Нынешняя выставка частично приоткрывает сокровища собрания Харджиева, представляя, например, неизвестные рукописи Малевича и его переписку с учениками и соратниками по УНОВИСу, дневники Михаила Матюшина, статьи, черновые записи и тезисы к докладам Эль Лисицкого… Но дело не только в возможности увидеть раритеты, вроде карандашного автопортрета Велимира Хлебникова 1910 года, столбцов его математических расчетов исторических эпох, первых изданий футуристических книг (а у Харджиева была самая полная их коллекция…
Эта выставка не просто собрание редкостей. Она сделана блестяще, поскольку воплощает сам дух коллекции Харджиева и эпохи. Ключом к ней отчасти могут служить слова Николая Ивановича: "Едва ли в истории искусства можно найти моменты, когда поэзия и живопись настолько соприкасались между собой, как это было в период так называемого "кубофутуризма" в России".
Дело не только в том, что Харджиев был равно вне конкуренции как знаток и исследователь подлинников поэтического авангарда и художников-кубофутуристов.
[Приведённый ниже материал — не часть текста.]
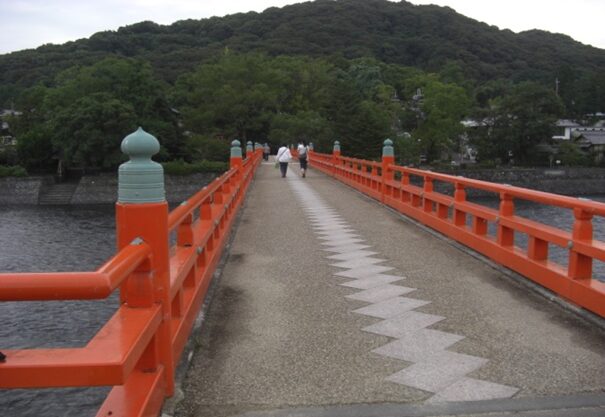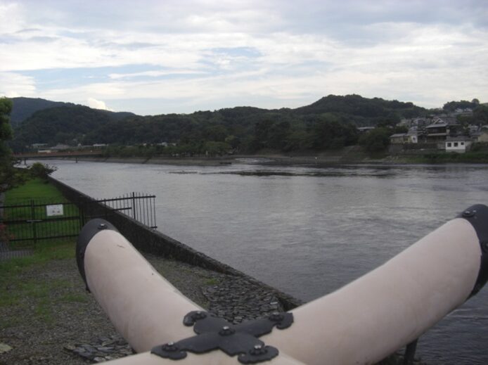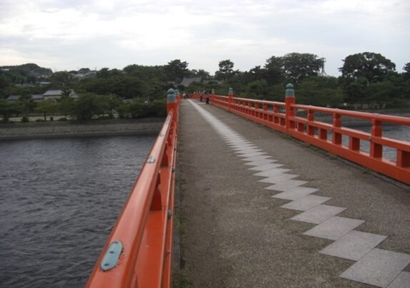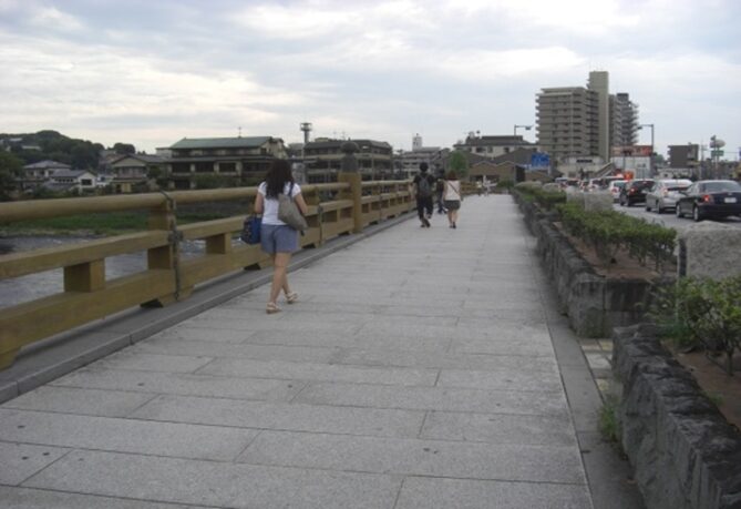 右に折れるところから宇治橋を見る
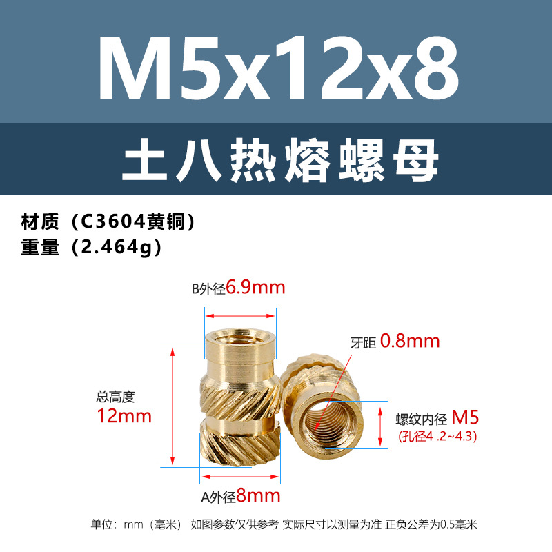• M5 * 12*8 (토양 8 핫멜트 너트)
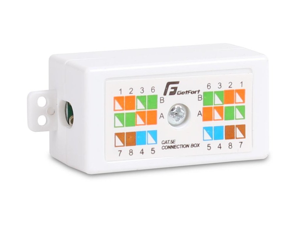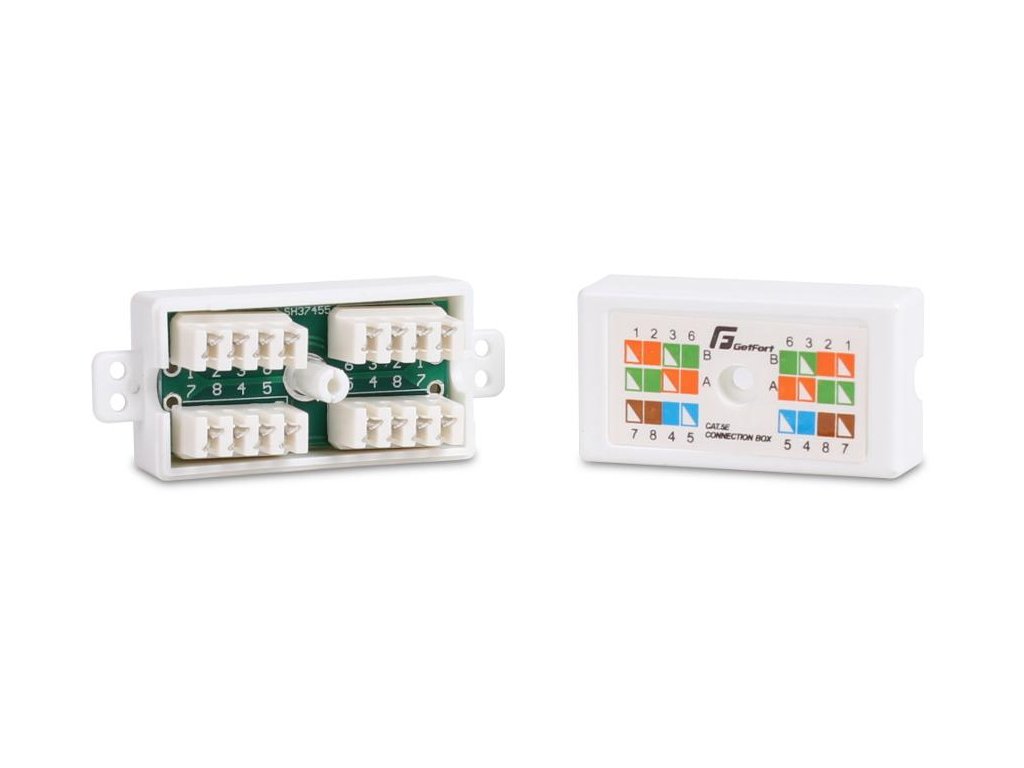 Konektor kabelu UTP cat.5e. Umožňuje připojit kabely bez ztráty signálu. Je ideální jako prvek k prodloužení kabelu nebo jako opravná sada. Konstrukce konektoru (konektory typu LSA/KRONE) umožňuje spolehlivé spojení pomocí typického lisovacího nástroje LSA. Popisy u kontaktů podle norem A a B usnadňují přiřazení kontaktů k příslušným žilám krouceného páru.

Интереснее то "мерцание" смысла (выражаясь слогом Романа Якобсона, еще одного адресата не только Маяковского, но и Харджиева), что подразумевала нечаянная встреча образа и слова. Одно из самых восхитительных тому свидетельств, например, фотомонтаж "Маяковский и Иван Великий", сделанный в 1913 году первой любовью поэта Верой Шехтель. Созданный задолго до фотомонтажей Клуциса, монтаж снимка колокольни и шаржированного франта в цилиндре с акварели Веры Шехтель, явно было вдохновлен не только нежным чувством к эпатажному футуристу, этому транжире и моту "бесценных слов", но и оказывается визитной карточкой поэта-Людогуся. Для Харджиева параллель между фотомонтажом и автопортретом Маяковского-Людогуся очевидна. Перед нами перевод в "монтажный" кадр автопортрета поэта: "Шея растягивается - / Пожарная лестница -/ Голова/ уже / разве что Ивану Великому / ровесница". Но явна и другая перекличка - с "Памятником" Пушкина. Причем не только со хрестоматийной строкой: "Вознесся выше я главою непокорной Александрийского столпа", но и собственно с памятником на Тверском бульваре. Да, там, правда, Пушкин шляпу в руке держит, но шляпы больно похожи, да и абрис фигуры - вызов бронзовому Александру Сергеевичу… И еще - почему-то кажется, что этот шуточный монтаж выглядит как пролог к позднему "Юбилейному", когда Маяковский объяснится в любви к тому, кого собирался когда-то "сбросить с корабля современности".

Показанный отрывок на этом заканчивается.